Would be interested on almost any weekend available


----------



## Awhite08

would possibly throw in a surfboard for trade


----------



## Awhite08

We would like to go before August 20th Thanks


----------



## weedline

with all due respect you seem to be going about this the wrong way .you need to be looking for a for hire vessel, as far as the law works by offering a surfboard to trade thats considered a sort of payment as a payment that keeps any recreational guy openly breaking the law if they take u up on the offer. your best bet would be to charter a boat u like with a captain and crew u like work with them a few times and they sometimes work with u with prices also some of the over 6pk boats will at times let u go on a trip just if u take care of the crew in the off season 
what do u mean by offshore to me that starts around 38 miles at the nipple and never involves a bottom lead its all troling or tuna or night time swords if u want to do this u will pay for it about 180 an hour on most boats more on the nicer ones 
if u want to bottom fish i can recomend sevral captains out of destin if u want to truly fish offshore ask the guys from orange beach they are closest to the rigs to get tuna they can steer u to a good boat just expect to pay offshore trips dont get founded by fuel money and a clean boat price a new turbo on a 3218 cat so just get where im coming from


----------



## Awhite08

Sold the surfboard.
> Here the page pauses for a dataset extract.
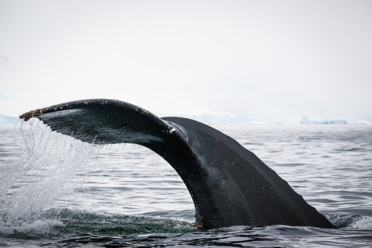 Sehr eindrücklich waren auch unsere Begegnungen mit den Walen. Rund um die antarktische Halbinsel gibt es sehr viele Buckelwale. Diese eindrücklichen Tiere konnten wir vom Zodiac aus beim Schlafen (was uns einige Geduld abforderte) aber auch bei der gemeinsamen "Bubble"- Jagd beobachten. Bei dieser Jagd schwimmen die Tiere im Kreis, tauchen dabei und stossen dann Luftblasen aus, die für die "eingeschlossenen" Fische und Krebse wie ein Netz wirken. Beim Auftauchen öffnen sie ihr grosses Maul mit den Barten und schlucken so die gefangenen Fische und Krebse. Ebenfalls eindrücklich sind die Laute, mit denen sie miteinander kommunizieren.

Still looking for a trip though


----------



## Awhite08

weedline said:


> with all due respect you seem to be going about this the wrong way .you need to be looking for a for hire vessel, as far as the law works by offering a surfboard to trade thats considered a sort of payment as a payment that keeps any recreational guy openly breaking the law if they take u up on the offer. your best bet would be to charter a boat u like with a captain and crew u like work with them a few times and they sometimes work with u with prices also some of the over 6pk boats will at times let u go on a trip just if u take care of the crew in the off season
> what do u mean by offshore to me that starts around 38 miles at the nipple and never involves a bottom lead its all troling or tuna or night time swords if u want to do this u will pay for it about 180 an hour on most boats more on the nicer ones
> if u want to bottom fish i can recomend sevral captains out of destin if u want to truly fish offshore ask the guys from orange beach they are closest to the rigs to get tuna they can steer u to a good boat just expect to pay offshore trips dont get founded by fuel money and a clean boat price a new turbo on a 3218 cat so just get where im coming from


Im sorry i didnt realize i wasnt allowed to do that. And i wasn't talking about trolling or tuna or anything like that, i was talking about a bottom fishing. Thanks


----------



## Awhite08

School starts on monday. Really would love to get out this weekend


----------



## neptuna

*fishing*

i have a 21 cape horn and im looking for some people to help split fishing expenses. i have everything but cant afford to fish alone. give me a call maybe we could set something up 850-324-3783 alex


----------



## FishStalker

Love how people have class on this site and instead of bashing someone just help them out good stuff!!


----------